**Your assignment**: Reproduce the listing that follows word for word, without its pictures.
+++ Dataset content
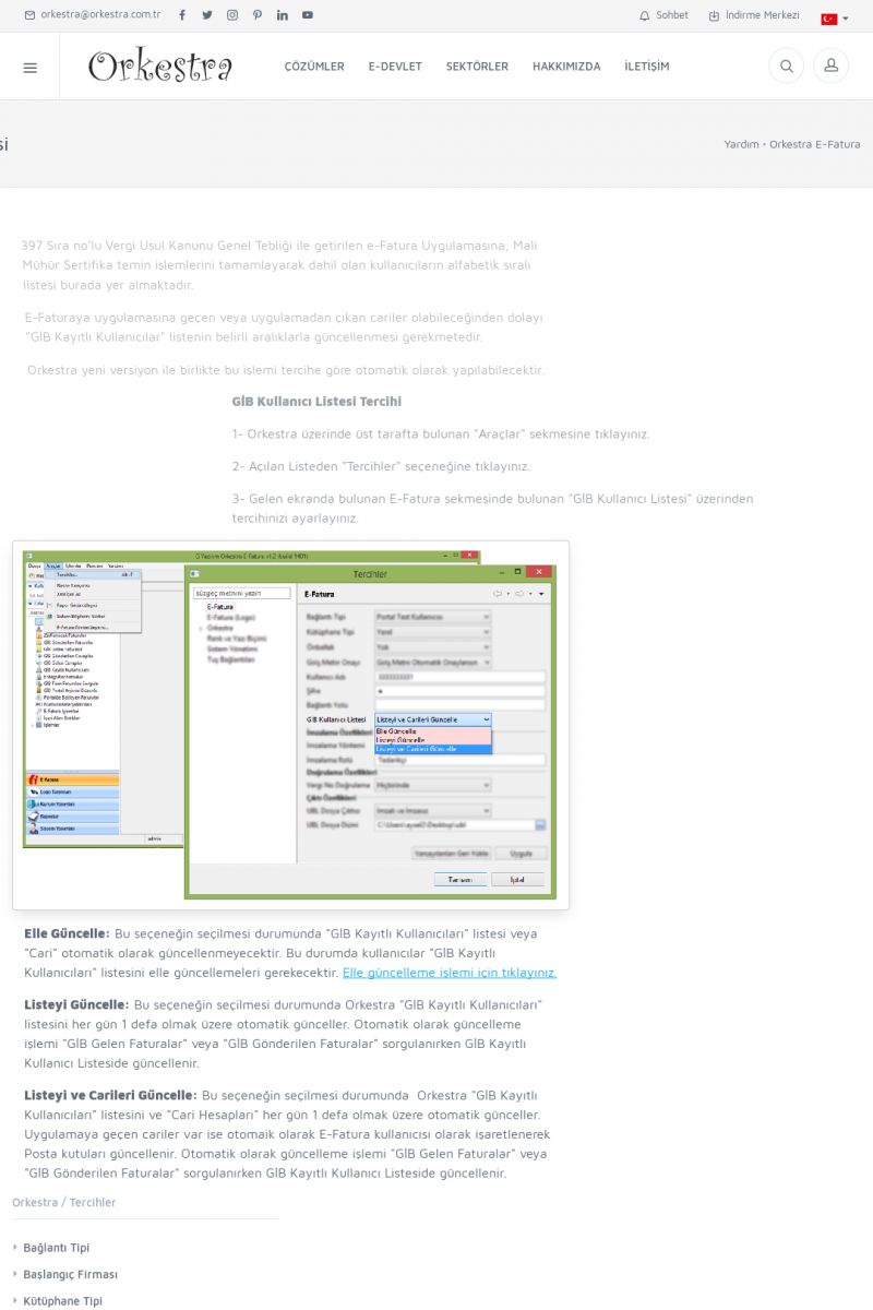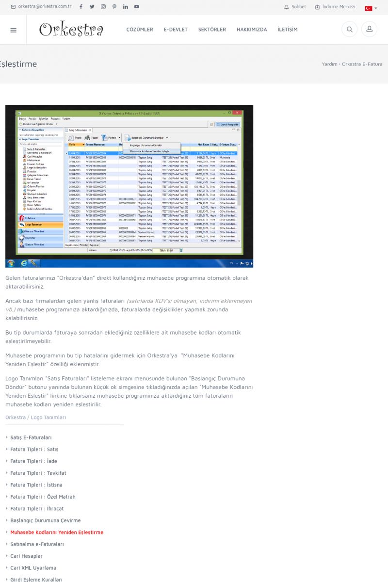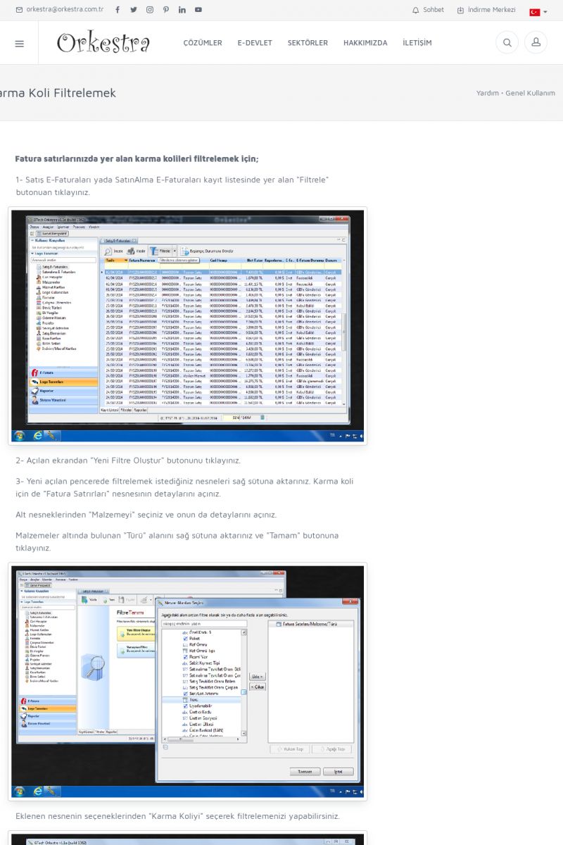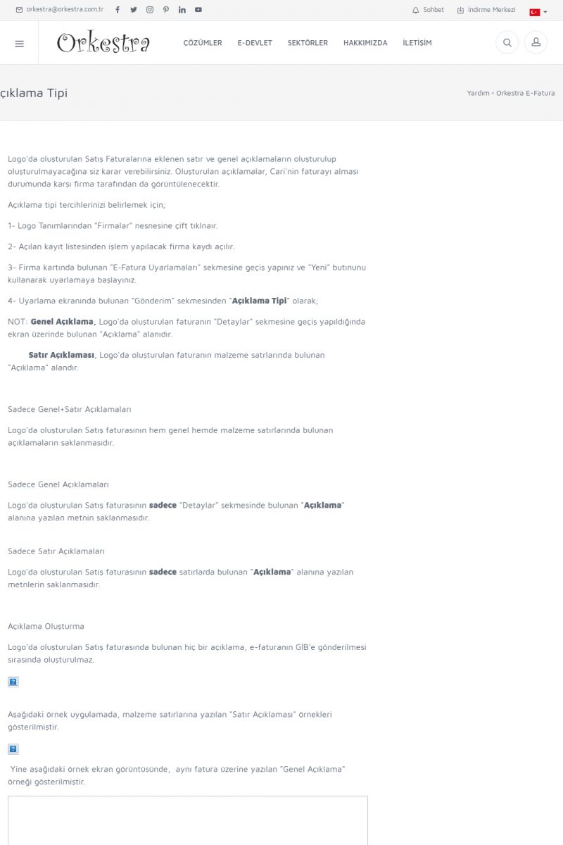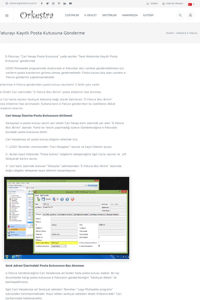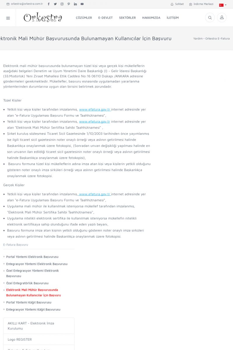 | 89 |  | Orkestra E-FaturaAKILLI KART - ELEKTRONIK İMZA KURULUMU Detay İçin Tıklayınız [/index.php?sayfa=yardim&m=20&y=711] LOGO REGISTER Detay İçin Tıklayınız [/index.php?sayfa=yardim&m=20&y=716] ORKESTRA E-FATURA KURULUM Detay İçin Tıklayınız [/index.php?sayfa=yardim&m=20&y=717] ORKESTRA / TERCIHLER Detay İçin Tıklayınız [/index. KISA ERİŞİM KODU : XYDLS / ARA89 | |
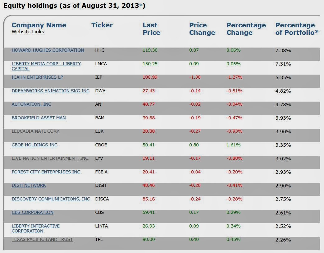 So look at that. Some of our favorite names are in there. Berkshire Hathaway, Colfax (subject of a recent post), Loews, Liberty Media, Greenlight, Google, Vornado, Sears etc…
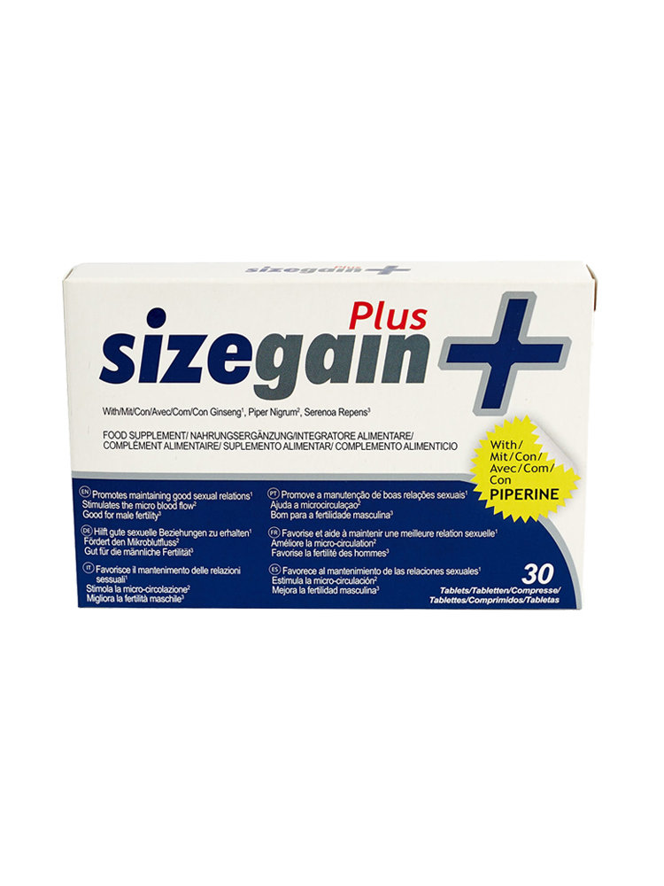 Εμπλουτισμένο με φυσικά, ενεργά συστατικά, το SizeGain Plus συμβάλλει καθοριστικά στην αύξηση του μεγέθους του πέους, σε μήκος και πάχος, καθώς και στη βελτίωση της ποιότητας της στύσης, παράλληλα με την αύξηση της διάρκειας της αντοχής. Επί παραδείγματι, η Αργινίνη προωθεί την διαστολή των αγγείων συμβάλλοντας στην άρτια ροή των υγρών και του αίματος, επιφέροντας με τον τρόπο αυτό μόνιμη αύξηση του μεγέθους του μορίου, το Panax Ginseng βελτιώνει τις φυσικές και νοητικές επιδόσεις, οι οποίες απολήγουν σε εντονότερες εκσπερματίσεις και μεγαλύτερη ερωτική ικανότητα και απόλαυση κατά τη διάρκεια της ερωτικής πράξης, ενώ η Πιπερίνη συμβάλλει στην αποτελεσματικότερη απορρόφηση των συστατικών του SizeGain επιφέροντας τα καλύτερα δυνατά αποτελέσματα.
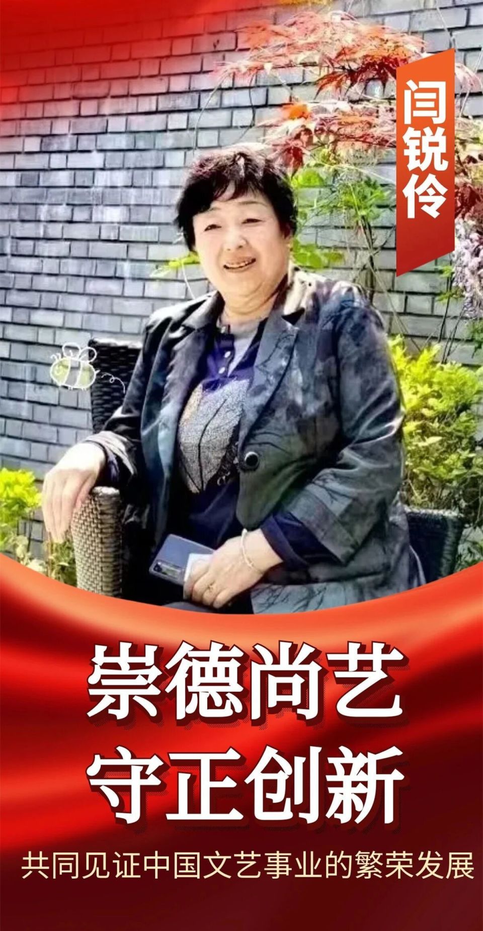 闫锐伶,女,1958年2月出生于北京,国家一级美术师,书法教育讲师(高级),非遗书画传承师(高级),非物质文化遗产创新人才,国礼艺术家,中国社会艺术协会榜书委员会会员,中国扇子艺术学会会员,北京市书法家协会会员,中国书画家联谊会新文艺群体书画家工作委员会会员,中国楹联协会会员,国务外交礼品师,中央电视台《名家讲堂》栏目组签约艺术家,中国民族建筑研究会书画艺术专业委员会客座教授、文化传播形象大使,中国中外名人文化研究会学术委员会会员、艺术顾问,中国传统艺术非遗传承人,全国第一批非物质文化遗产创新人才,中国珍藏级艺术家。中央电视台央媒文化组委会艺术会员。香港电视台书画家。中国中央电视台签约艺术家。香港电视台签约艺术家。智慧国潮研究员。书法作品被文化部文化艺术人才中心录入人才库,并颁发证书。
++++++
**Solution for this exercise**:
 | 89 |  | Orkestra E-FaturaAKILLI KART - ELEKTRONIK İMZA KURULUMU Detay İçin Tıklayınız [/index.php?sayfa=yardim&m=20&y=711] LOGO REGISTER Detay İçin Tıklayınız [/index.php?sayfa=yardim&m=20&y=716] ORKESTRA E-FATURA KURULUM Detay İçin Tıklayınız [/index.php?sayfa=yardim&m=20&y=717] ORKESTRA / TERCIHLER Detay İçin Tıklayınız [/index. KISA ERİŞİM KODU : XYDLS / ARA89 | |
 So look at that. Some of our favorite names are in there. Berkshire Hathaway, Colfax (subject of a recent post), Loews, Liberty Media, Greenlight, Google, Vornado, Sears etc…
 Εμπλουτισμένο με φυσικά, ενεργά συστατικά, το SizeGain Plus συμβάλλει καθοριστικά στην αύξηση του μεγέθους του πέους, σε μήκος και πάχος, καθώς και στη βελτίωση της ποιότητας της στύσης, παράλληλα με την αύξηση της διάρκειας της αντοχής. Επί παραδείγματι, η Αργινίνη προωθεί την διαστολή των αγγείων συμβάλλοντας στην άρτια ροή των υγρών και του αίματος, επιφέροντας με τον τρόπο αυτό μόνιμη αύξηση του μεγέθους του μορίου, το Panax Ginseng βελτιώνει τις φυσικές και νοητικές επιδόσεις, οι οποίες απολήγουν σε εντονότερες εκσπερματίσεις και μεγαλύτερη ερωτική ικανότητα και απόλαυση κατά τη διάρκεια της ερωτικής πράξης, ενώ η Πιπερίνη συμβάλλει στην αποτελεσματικότερη απορρόφηση των συστατικών του SizeGain επιφέροντας τα καλύτερα δυνατά αποτελέσματα.
 闫锐伶,女,1958年2月出生于北京,国家一级美术师,书法教育讲师(高级),非遗书画传承师(高级),非物质文化遗产创新人才,国礼艺术家,中国社会艺术协会榜书委员会会员,中国扇子艺术学会会员,北京市书法家协会会员,中国书画家联谊会新文艺群体书画家工作委员会会员,中国楹联协会会员,国务外交礼品师,中央电视台《名家讲堂》栏目组签约艺术家,中国民族建筑研究会书画艺术专业委员会客座教授、文化传播形象大使,中国中外名人文化研究会学术委员会会员、艺术顾问,中国传统艺术非遗传承人,全国第一批非物质文化遗产创新人才,中国珍藏级艺术家。中央电视台央媒文化组委会艺术会员。香港电视台书画家。中国中央电视台签约艺术家。香港电视台签约艺术家。智慧国潮研究员。书法作品被文化部文化艺术人才中心录入人才库,并颁发证书。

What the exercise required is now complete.